Even without incorporating between-pedigree IBD, SGS-VC-Joint remains a powerful method of linkage. Consideration of the dataset as a whole shows higher evidence of linkage, even when only a fraction of pedigrees in the dataset have the causative allele. When between-pedigree IBD is ignored, computation can be completed rapidly, as the number of pairs to evaluate is much smaller. If covariance due between-pedigree IBD is incorporated but not present, SGS-VC-Joint+Between reduces to the SGS-VC-Joint model.
In simulated data, mixed-model association had similar power to SGS linkage. However, this requires testing of the causal variant directly. Fitting the variance-component model requires inverting large matrices, a computationally intensive process that makes it an infeasible to test rare variants at genome-wide scale. Instead, association should be a complementary part of an analysis. As a linkage method, SGS-VC performs well even when performed at a limited number of sites in the genome.
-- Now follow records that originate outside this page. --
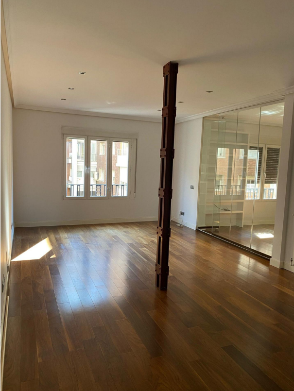
WhatsApp Image 2024-06-19 at 12.35.43 (1)
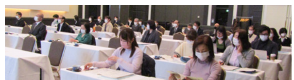
[セミナー受講の様子]

第二部では、本会職員より年度末事務手続きに関する一連の流れや留意事項について説明しました。
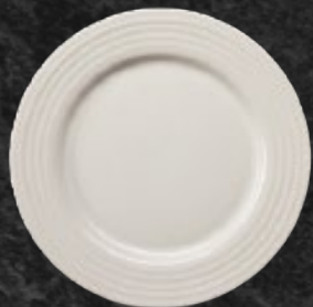
PLATO TRINCHE 26 cm (10 1/4") Código 314769
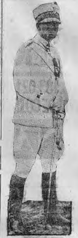
MARISCAL GRAZZIANI Generalísimo en Libia

Desde Abisinia y Eritrea, así como desde la Somalia italiana, los ejércitos del Duce han emprendido el ataque contra la Somalia inglesa. Se trata de una guerra secundaria que podríamos decir al contemplar las operaciones entre ambas naciones y sus teatros de lucha. En el confin del continente africano que a la salida del mar rojo avanza sobre el océano Índico está el establecimiento de la Somalia británica. Es un territorio poco conocido de unos 150 mil kilómetros cuadrados poblado por unos 270 mil seres humanos.
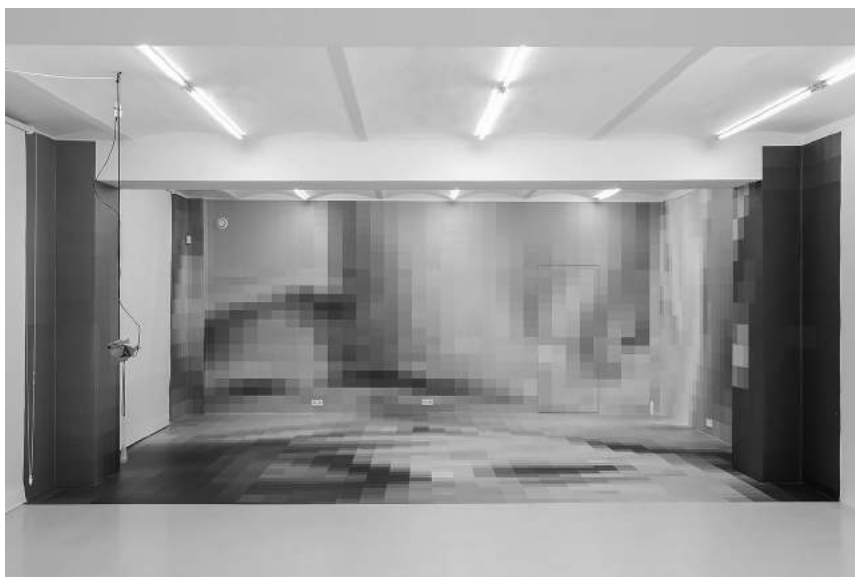
PIĘĆ NIECZYSTYCH ZADAŃ (31.03–21.04)
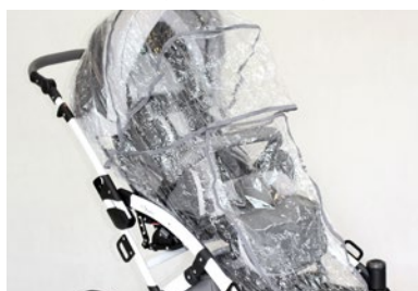
Protector para lluvia
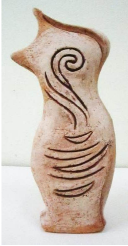
Şekil 14. Çalışma 8 (34x12 cm)

Arka yüzde, stilize edilmiş hayvan motifinden bir parça rölyef olarak çalışılmıştır (Şekil 15). Şekillendirme işleminin ardından, yüzeye kısmi olarak beyaz çamurdan astar uygulanmış, siyah eskitme yapılarak çizgiler derinleştirilmiştir.
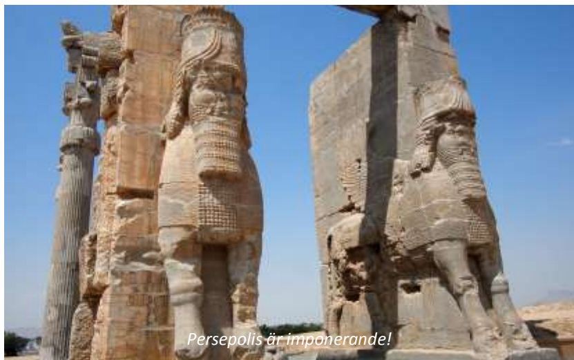
Persepolis är imponerande!

Dareios I, flyttade den till Persepolis. Parsagadae är sedan 2004 uppsatt på Unescos världsarvslista och det 1,6 km 2 stora arkeologiska området innehåller bland annat en byggnad som man tror är
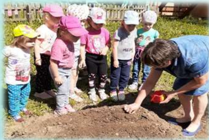
Показ посадки лук
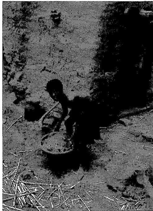
Het verzamelen van mest op een erf te Banani

Het Plateau van Bandiagara vormt een tamelijk moeilijk productiegebied. Officieel bestaat een derde ervan uit kale rots maar in werkelijkheid is dat veel meer. Nog een derde deel bestaat uit verschillende bodemsoorten met een diepte van niet meer dan 10 cm. Bovendien zijn de meeste bodems onderhevig aan seizoensdroogte vanwege die dunne laag of fysieke eigenschappen 7 . De bevolkingsdruk is hoog met ongeveer 25 inwoners per km 2 of 190 000 inwoners voor het hele district Bandiagara in 1991 8 . Om in hun levensonderhoud te voorzien hebben deze mensen slechts 48 000 ha bouwland (6,3% van het geheel) 9 . Op grond van de bodemvruchtbaarheid en de potentiële productie (tussen 300 en 800 kg/ha) is de graanbouw niet voldoende om de bevolking te voeden. Tussen 1976 en 1987 heeft een uittocht van 30 000 inwoners een vermindering van de bevolking
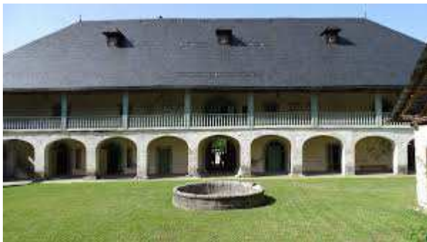
Chartreuse des Aillons (V2)
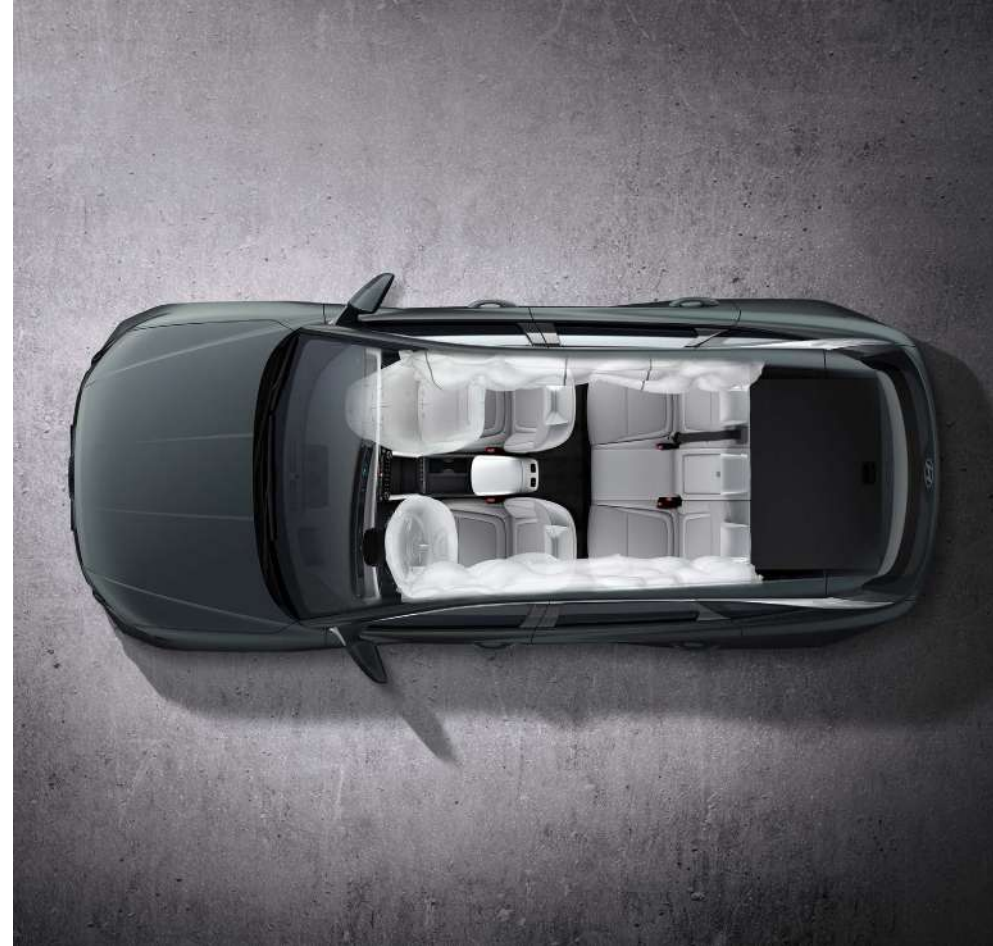
Алты қауіпсіздік көпшігі
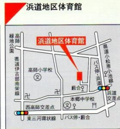
☎47-4986 ●交通機関 豊鉄バス 浜名線・細谷線「浜道」 豊鉄バス 浜名線「藪合」
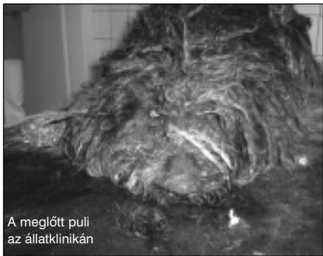
A megölt puli az állatklinikán

A rendőrség jelenleg is vizsgálja az ügyet. A gyanúsított vadásztól az azonosítás miatt elvették a fegyvereket. Várhatóan állatkínzás vétsége miatt bíróság elé kerül majd. -kb-

Once a linkage signal is detected, association methods can be performed to further narrow the linkage region and identify individual variants.
This method shares some similarity to a method proposed by Day-Williams et al. (2011), but there are important differences. This method uses a linear model, which can easily be extended into more complicated models. We use pedigree structures as given, instead of re-estimating them, avoiding a potential loss of power. Finally, we deterministically generate IBD states, without of estimating using allele frequencies, avoiding another avenue of model misspecification.
Between-pedigree relatedness can be a useful source of information when trying to identify causative loci. As the number of pedigrees in a dataset increases, so does the likelihood of cryptic relatedness. SGS-VC presents a powerful way of exploiting that cryptic relatedness.